Studying, training and voluntary activity for third-country nationals

Education + Training

ISSN: 0040-0912

Article publication date: 1 February 2003

92

Citation

(2003), "Studying, training and voluntary activity for third-country nationals", Education + Training, Vol. 45 No. 1. https://doi.org/10.1108/et.2003.00445aab.014

Publisher

:

Emerald Group Publishing Limited

Copyright © 2003, MCB UP Limited


Studying, training and voluntary activity for third-country nationals

Studying, training and voluntary activity for third-country nationals

The European Commission has approved a proposal for a directive on entry and residence conditions for third-country nationals who wish to study or undertake vocational training or volunteering in the EU. This proposal will make it easier to host students from third countries under the future Erasmus World programme and to allow third-country nationals to take part in programmes such as Youth and Euromed Youth.

Viviane Reding, European commissioner responsible for education and training, said: "If we want to make Europe a centre of excellence when it comes to the knowledge-based economy, our universities need to be able to attract more third-country students at postgraduate level. This is one of the aspects of the Erasmus World programme proposed by the Commission. The proposal for a directive is a significant instrument which will help us to attain this objective, particularly as it also authorises student mobility between universities in different European Union countries."

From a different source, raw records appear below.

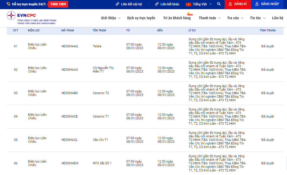 | ĐIỆN LỰC | MÃ TRẠM | TÊN TRẠM | TỪ | ĐẾN | LÝ DO |
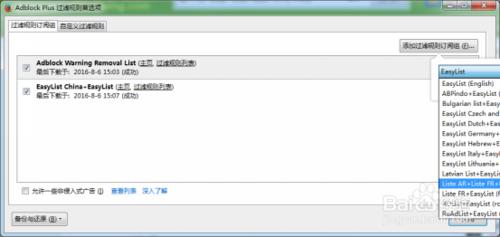 遇到过滤效果不是很好怎么办?可以点击【打开过滤选项】,点击添加订阅新的规则。(后面是各种国家的常见插件语言,咗嚛表示翻译不过来哈)
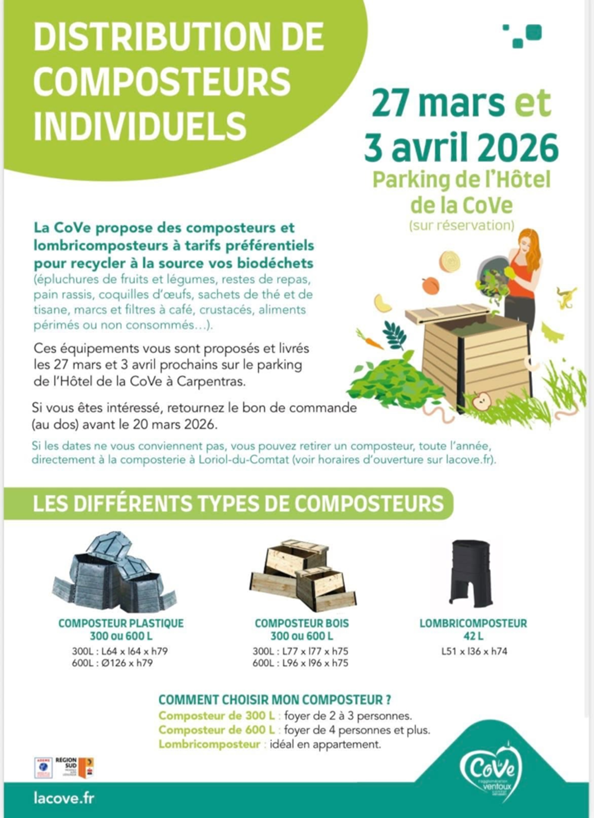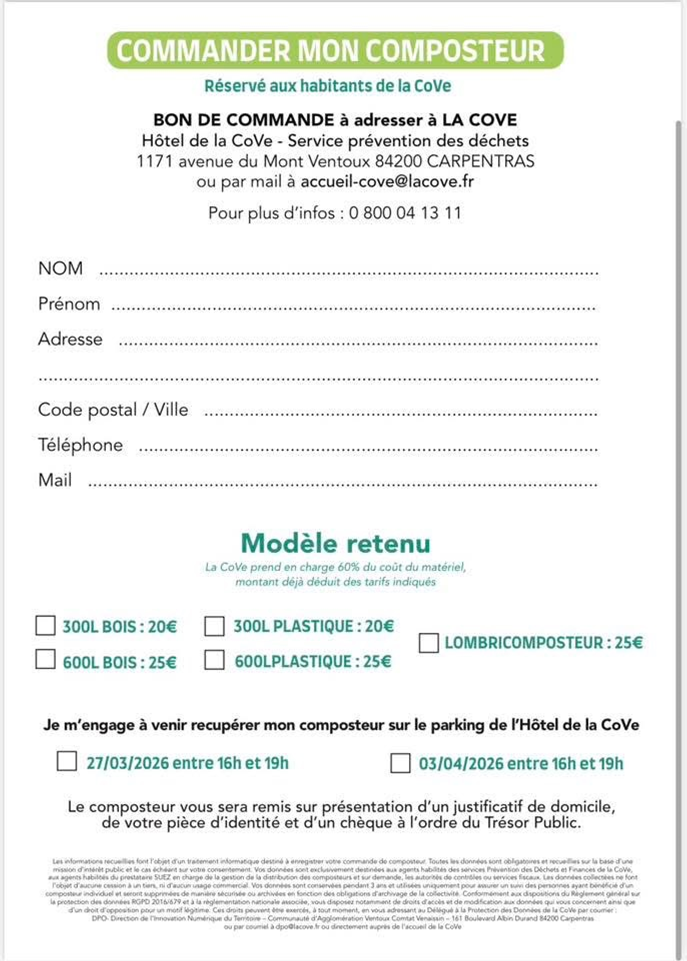 la CoVe organise 2 distributions de composteurs individuels à récupérer directement sur le parking de l'Hôtel de Communauté à Carpentras les 27 mars et 3 avril prochains, dates pour lesquelles
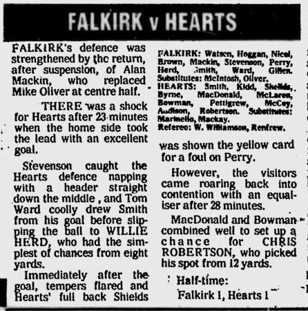 | Sat 06 Mar 1982 Falkirk 3 Hearts 1 | |||||||
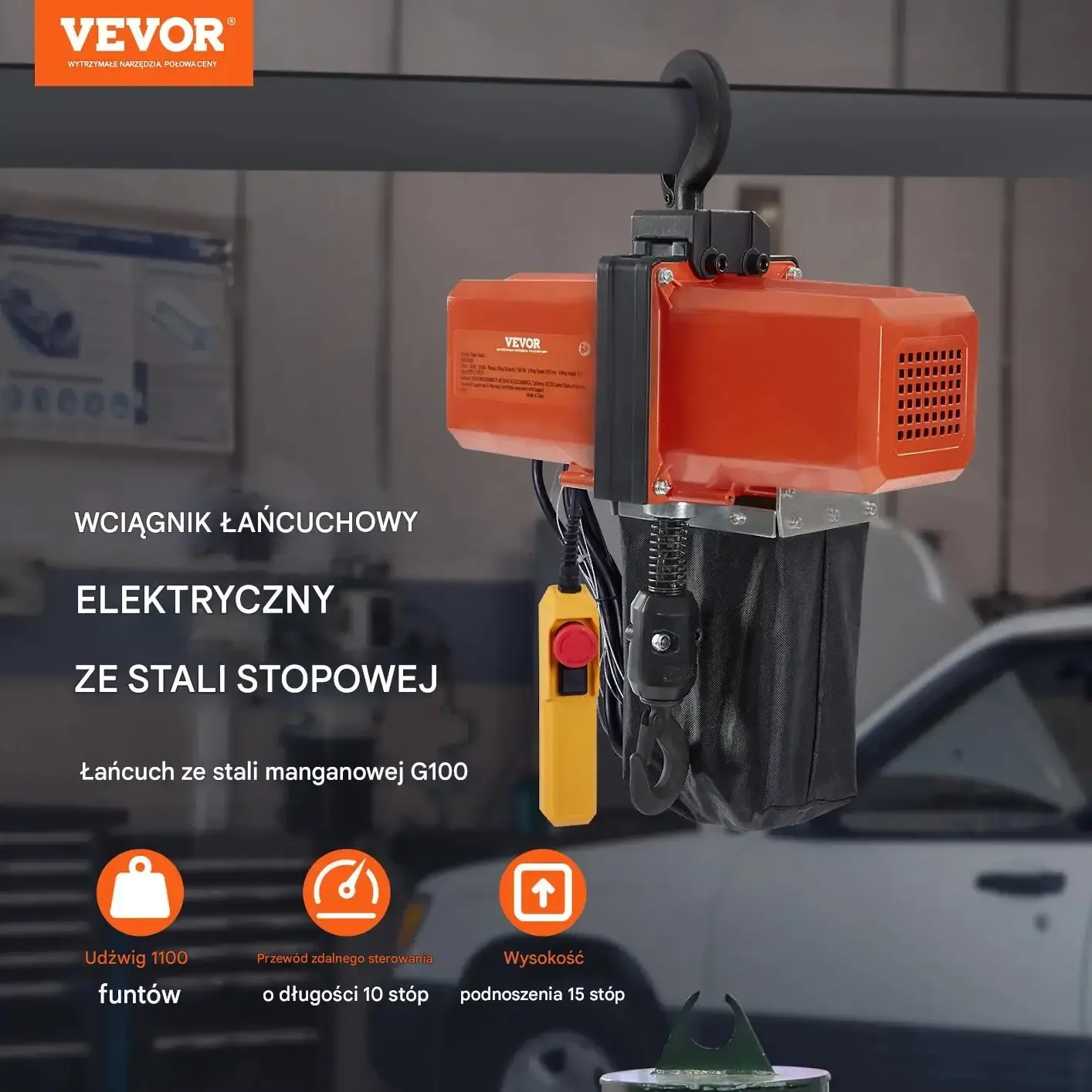 Elektryczny wciągnik łańcuchowy ze stali stopowej wyposażony jest w łańcuch ze stali manganowej G100. Posiada udźwig 499 kg, przewód zdalnego sterowania o długości 3 metrów oraz wysokość podnoszenia 4,5 metra.
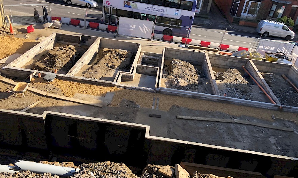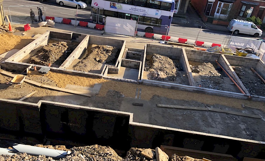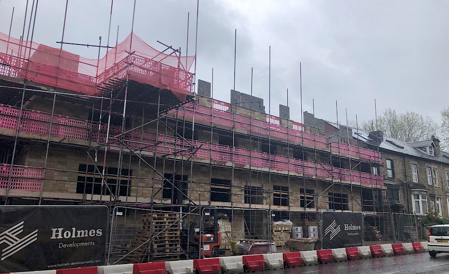 Bank Apartments is a £1.2M new build, stone fronted building of 10 private apartments. The site was complicated by its position against the main road and the requirement to remove 1000 m3 of rock to form the footprint of the building.
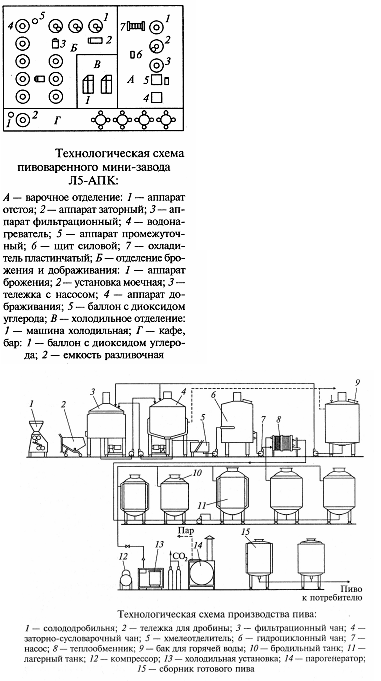 Процесс получения пива состоит из следующих операций: производство пивного сусла, кипячение, главное брожение, дображивание, розлив. Комплект оборудования включает аппараты: заторный, промывочный (фильтрационный), отстоя, промежуточный, брожения (2 шт.), дображи-вания (7 шт.), моечную установку, водонагреватель, пластинчатый охладитель, машину холодильную.
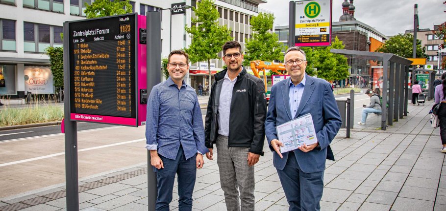 Nach dem Hauptbahnhof ist der Zentralplatz das zweite DFI-Großprojekt – aber nicht das einzige. „Insgesamt werden mit Projektende rund 120 Anzeiger an 60 Haltestellen in Betrieb sein“, erläutert Fachbereichsleiter Samet Ünal. „Dabei berücksichtigen wir natürlich auch die Verteilung in den Stadtteilen, soweit es die Infrastruktur durch den Energieversorger hergibt.“

The proposal is designed to favour migration for training purposes, migration which is temporary and a source of enrichment both for the hosting EU member state and for the third country of origin. It is part of the EU strategy designed to strengthen co-operation with third countries in the area of education, by providing the means needed to meet the challenge of internationalization in education. The proposal distinguishes four categories of third-country nationals – students, pupils, unpaid trainees and volunteers. The entry of students essentially concerns higher education. The entry of unpaid trainees for vocational training purposes is aimed at the acquisition of vocational skills in a private or public company or in a vocational training establishment.

The proposal for a directive includes arrangements to encourage exchanges of pupils in secondary education between EU and third countries in order to stimulate the discovery of European culture by the young people of these countries, and also arrangements for volunteers who may experience difficulty in obtaining a residence document because they are neither workers nor students and do not fall into any specific category of migrants.